Had an afib PVI Cryo ablation almost 9 weeks ago. They did "check" the flutter line and said it was "intact". However, they did not re-do it. I should have insisted pre-op, but try telling an ep how to do their business
I had been hoping the PVI alone would take care of the flutter, but it did not. This morning had a 15 minute flutter episode. I know I'm still in "blanking" from my afib ablation, but this felt too much like my old "friend" going back four years. My gut tells me it's the same flutter, not new, not blanking. And my Kardia 6L told me the same thing.

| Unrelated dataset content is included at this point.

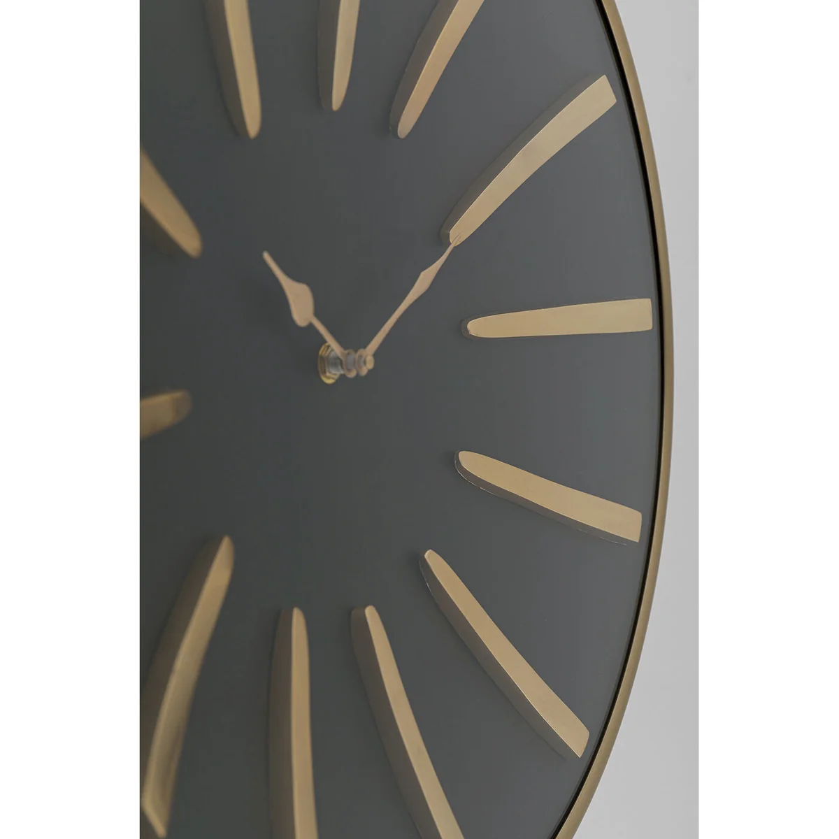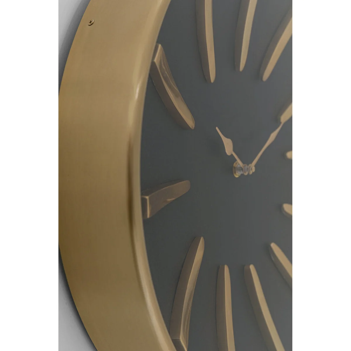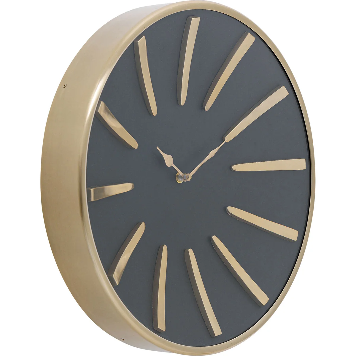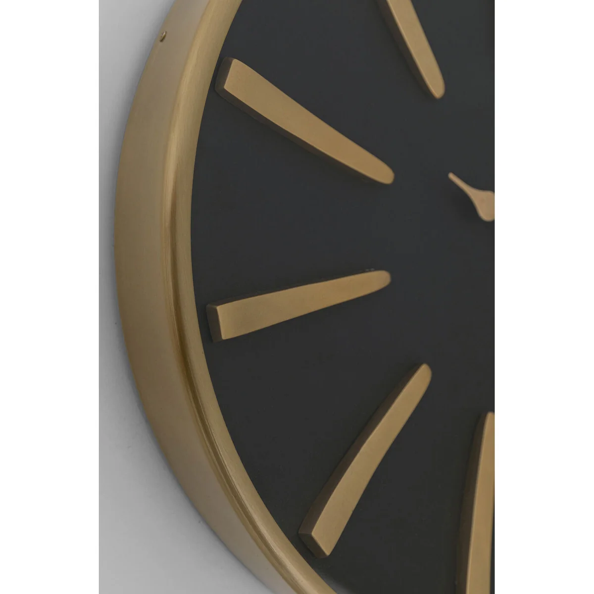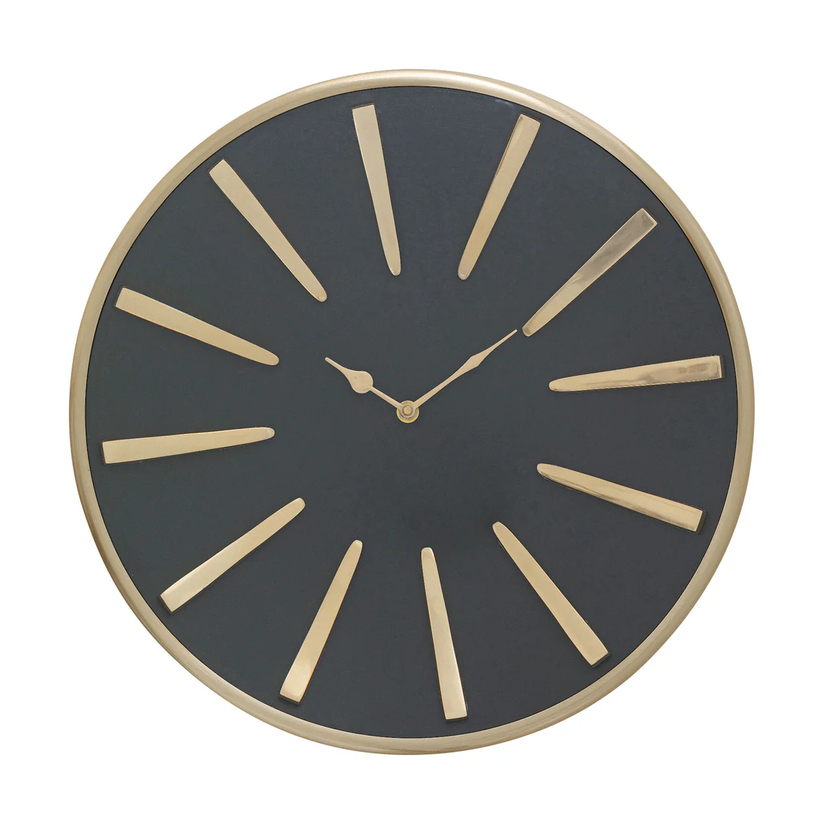 - Round metal clock for the wall in black and gold, measuring 41 x 41 x 5 centimetres (H/W/D) - Its inwardly curved face gives the living room clock an unusual look - With a diameter of 41 cm it is large enough for any wall in the hallway, kitchen or office - A timeless modern shape with a touch of retro style, the metal is finished with a brass coating - Battery-operated quartz clock mechanism, suitable for 1 x 1.5 V, AA LR6 Mignon (battery not included)

So if the flutter keeps coming back, I will have to make a decision. Live with it, or re-do the flutter line on the right side, hoping that's where it is. Have no desire for hunt around the left side for it now, as here in the US, the left side is always done under General Anesthesia, of which I'm not a big fan.
So anyone have an unsuccessful typical right-sided flutter ablation? And if so, what were the next steps?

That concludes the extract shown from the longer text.